Neutral comet assays were performed using the Comet Assay kit (Trevigen) according to the manufacturer’s instructions. Briefly, trypsinized and resuspended cells were embedded in agarose on a slide and subjected to solution lysis followed by electrophoresis in 1× Tris/borate/EDTA buffer for 10min at 1 V/cm. The slides were then stained with SYBR Green I, photographed using a Zeiss fluorescence microscope and analyzed with Comet Assay Software Project. At least 80 cells on each slide were chosen at random for the quantification of DNA damage using Comet Assay Software Project. Olive tail moment (OTM) is defined as the product of distance (in x direction) between the center of gravity of comet head (CGH) and the center of gravity of the tail (CGT) and the percent tail DNA (DNAT) wherein OTM = (CGTx − CGHx)/%DNAT.

Mutagenesis

Cells exposed to MSTS-C at various doses were cultured with fibroblast feeder cells for 10 days to allow phenotypic expression, then seeded without feeder cells to determine the mutation frequency of the Oua^R gene: (i) 400 cells per 150mm dish, three dishes/dose, for plating efficiency (PE); and (ii) 10⁶ cells/150mm dish, five dishes/dose, in medium containing 10 μg/ml ouabain (Sigma). At 2 weeks post-seeding, colonies were fixed, stained and counted. The mutation frequency was calculated as [mutation frequency = number of colonies/(number of seeded cells × PE) × 10⁶ cells]. In parallel control experiments, cellular mutation response to 4-nitroquinoline 1-oxide (140ng/ml for 1.5h), a well-characterized mutagen, was assayed using Oua^R as described above.

Statistics

Each experiment was performed at least three times. The results are expressed as mean ± standard error of the mean. Statistical analysis was performed using Student’s t-test, and P value of ≤ 0.05 was considered as significant.

Results

Smoking-relevant concentrations of MSTS-C are non-toxic to cervical epithelial cells

Many previous studies have detected nicotine, its major metabolite, cotinine and tobacco-specific carcinogens in the cervical mucus of smokers (42–47). To study the proliferation and cytotoxicity effects of MSTS-C on HPV-infected cells, cell cultures were exposed to MSTS-C at increasing nicotine concentrations. This physiologically relevant exposure range for both lung and cervical epithelium resulted in a dose-dependent inhibition of cell proliferation for W12-E cells that maintain episomal HPV16 genomes compared with untreated cells (Figure 1A). Toxicity measured by lactate dehydogenase release was only apparent at the highest MSTS-C dose of 20 µg/ml (Figure 1B). W12-I, CIN612-9E, CIN612-6, NIKS and C33A cells responded similarly to W12-E cells in cell proliferation assays at all doses, and 2.5–10 μg/ml MSTS-C treatment was non-toxic to these cells as well (data not shown).
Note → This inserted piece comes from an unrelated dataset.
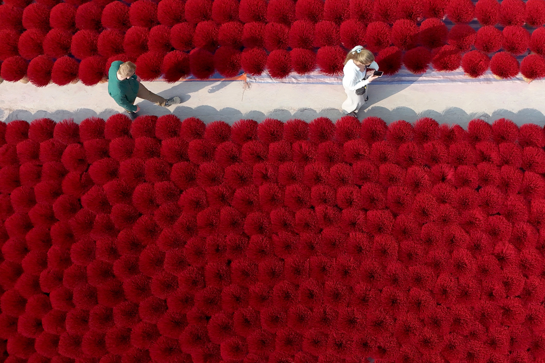 This aerial picture shows tourists walking next to bundles of incense sticks in Quang Phu Cau village on the outskirts of Hanoi on January 21, 2025, ahead of Lunar New Year celebrations, known in Vietnam as Tet. (Photo by Nhac Nguyen/AFP Photo)

Fig. 1. — Effect of MSTS-C on cell proliferation and cytotoxicity. Subconfluent W12-E cells were treated with the indicated concentrations of MSTS-C at 37°C. (A) Trypan blue exclusion staining during cell quantification was used to determine the effect of MSTS-C on cell proliferation at 0, 24 and 48h posttreatment. Results are shown as the average of three separate experiments; error bars represent standard error of the mean. (B) Cell cytotoxicity was determined by detecting the release of lactate dehydogenase (LDH) in cell-free culture supernatants 24h after treatment with MSTS-C. Data represent an average from three separate experiments and error bars represent standard error of the mean. Statistical significance was achieved with P < 0.05(*).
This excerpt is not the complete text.